Amdahl's Law: Understanding Limits of Parallel Computing

Learn about Amdahl's Law and how it defines the theoretical speedup of a program when only part of it can be parallelized. Explore the formula, its implications for parallel processing, and its significance in computer architecture.



Amdahl's Law and Its Proof in Computer Organisation

Amdahl's Law is a principle in computer architecture that predicts the potential speedup of a program when a certain portion of it is parallelized. Proposed by Gene Amdahl in 1967, it states that the speedup of a program is limited by the fraction that cannot be parallelized.

What is Amdahl's Law?

Amdahl's Law defines the maximum speedup achievable when a part of a program is parallelized. Mathematically, it can be expressed as:

Speedup = 1 / (f + (1 - f) / N)

Where:

  • f is the fraction of the program that is sequential.
  • N is the number of processors or computing resources available.

For example, if 20% of a program is sequential and cannot be parallelized, the maximum theoretical speedup would be 5 times:

Speedup = 1 / (0.2 + (0.8 / N))

This shows that as the number of processors increases, the speedup is inversely proportional to the non-parallelizable fraction.

Amdahl's Law in the Case of Parallelization

Amdahl's Law demonstrates how the parallelizable portion of the program and the number of processors affect the speedup. The non-parallelizable portion bounds the speedup and does not depend on the number of processors. As the number of processors increases, the impact of the sequential portion becomes more pronounced.

For instance, if 80% of a program is parallelizable, the maximum theoretical speedup would be:

Speedup = 1 / ((1 - 0.8) + (0.8 / N))

This formula shows that increasing the number of processors has diminishing returns as the sequential portion of the program (20%) limits the overall speedup.

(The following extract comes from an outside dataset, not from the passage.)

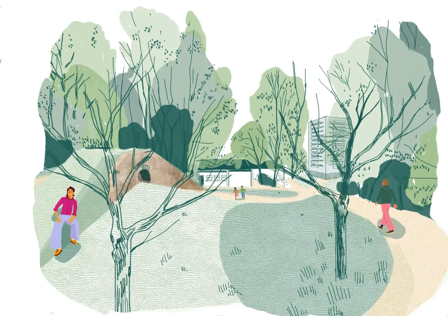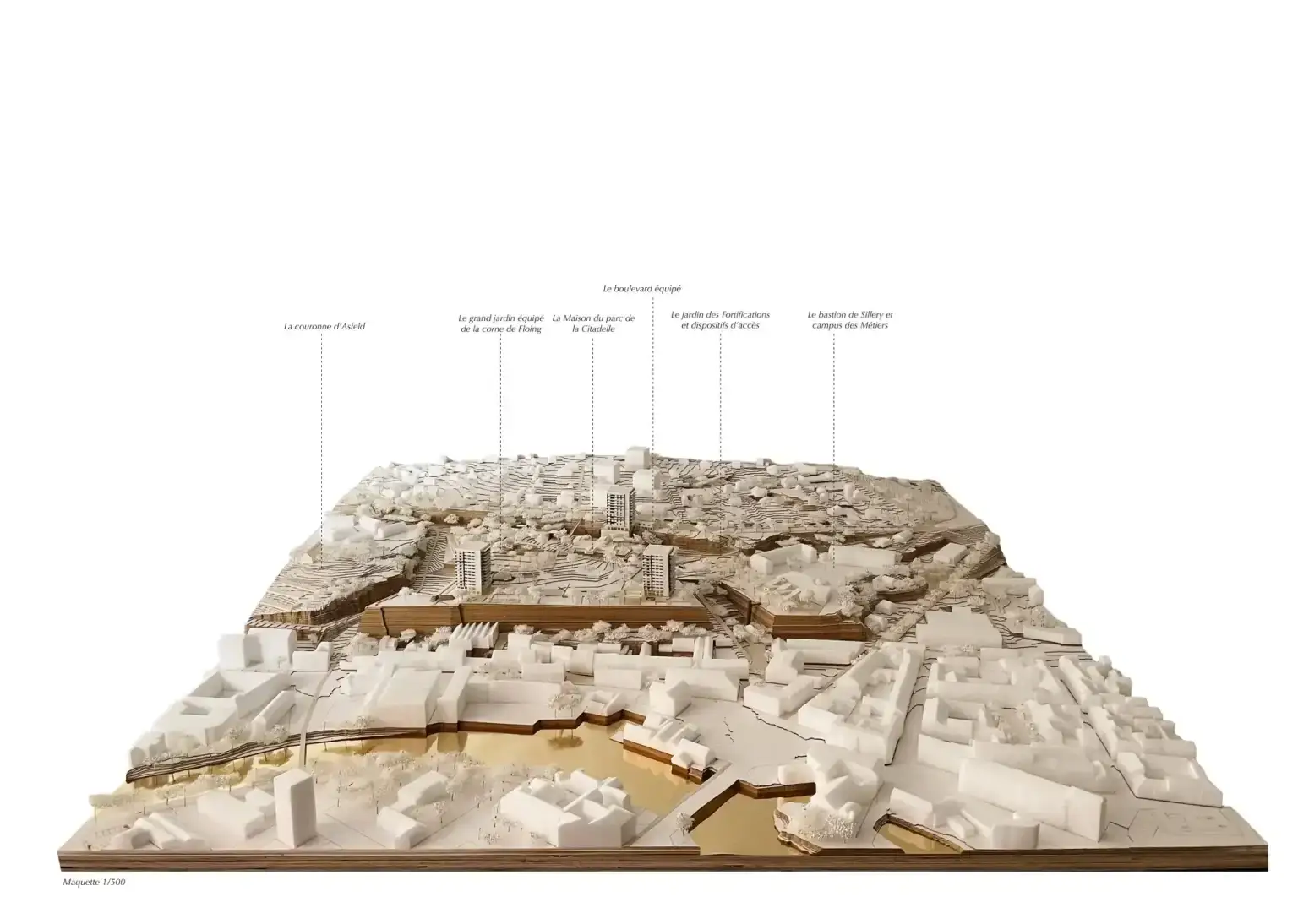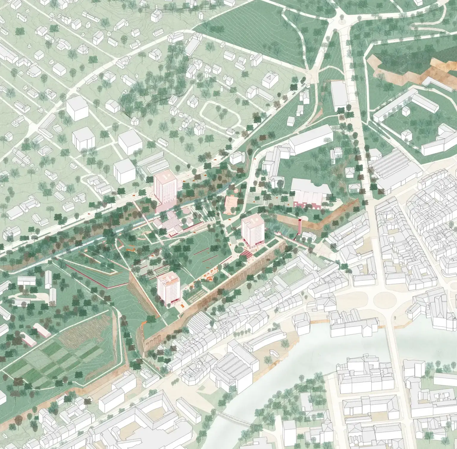 Le projet se situe sur l'ancienne Corne de Floing, vestige majeur des fortifications de Sedan, pour faire de la résidence Ardenne un pivot entre patrimoine, grand paysage et usages contemporains. L’enjeu est de régénérer l’ensemble en révélant la structure défensive originelle, en réactivant les dispositifs militaires comme supports d’usages quotidiens, et en redonnant une lisibilité territoriale au parc de la Citadelle. Le grand jardin devient un espace-refuge climatique et écologique, un lieu d’expérimentation fondé sur les milieux naturels et les vestiges bâtis, tandis que les tours rénovées, habillées de matériaux locaux et de réemploi, réaffirment une relation sobre au paysage.

Advantages of Amdahl's Law

  • Performance Estimation: Helps evaluate the impact of parallelization on overall performance.
  • Optimization Focus: Directs attention towards optimizing sequential code for better overall performance.
  • Resource Allocation Guidance: Assists in determining the optimal allocation of computing resources in parallel systems.
  • Decision Making: Provides insights into potential return on investment regarding speedup and performance, aiding in decisions about resource allocation and parallelism.

Disadvantages of Amdahl's Law

  • Simplified Assumptions: Assumes the problem can be divided into parallelizable and sequential portions, which may not hold true in real-world applications.
  • Neglects Other Factors: Ignores factors like memory access patterns, load imbalance, synchronization costs, and communication overhead, which can affect performance.
  • Inaccurate P and N Values: The values for parallelizable portions (P) and number of processors (N) may vary, leading to inaccurate speedup predictions.
  • Oversimplifies Program Behavior: Does not account for dynamic changes in program behavior due to input data, runtime conditions, and other factors.

Difference Between Amdahl's Law and Gustafson's Law

Amdahl's Law and Gustafson's Law describe the scalability of parallel computing systems, but they focus on different aspects:

  • Amdahl's Law: Focuses on speedup based on parallelization of a portion of the program.
  • Gustafson's Law: Focuses on scaling efficiency, expressed as E = 1 - f + fN, where f is the fraction of the program that can be parallelized.

Derivation of Amdahl's Law

To derive Amdahl's Law, let’s consider a program with a fraction “f” of sequential code and a fraction “1 - f” of code that can be executed in parallel.

Let:

  • Ts be the time for the sequential portion of the program.
  • Tp be the time for the parallelizable portion.
  • N be the number of processors or threads.

The total execution time for the program is:

T = Ts + Tp

After parallelizing the code, the sequential portion remains unchanged, while the parallel portion is divided equally among N processors:

Tp' = Tp / N

The new execution time of the parallelized program becomes:

T' = Ts + Tp' = Ts + Tp / N

The speedup (S) achieved is the ratio of the original execution time (T) to the parallelized execution time (T'):

S = T / T' = (Ts + Tp) / (Ts + Tp / N)

Now dividing both the numerator and denominator by Ts:

S = (1 + Tp / Ts) / (1 + Tp / (N * Ts))

Substitute α = Tp / Ts (the parallelizable fraction), we get:

S = (1 + α) / (1 + α / N)

Multiplying the numerator and denominator by N gives:

S = N / (N * (1 + α / N)) = 1 / (1 + α / N)

Finally, putting α = Tp / Ts, we arrive at Amdahl’s Law:

S = 1 / (f + (1 - f) / N)

This formula expresses the maximum speedup that can be achieved by parallelizing a program with a fraction f of sequential code and a fraction 1 - f of parallelizable code, executed on N processors.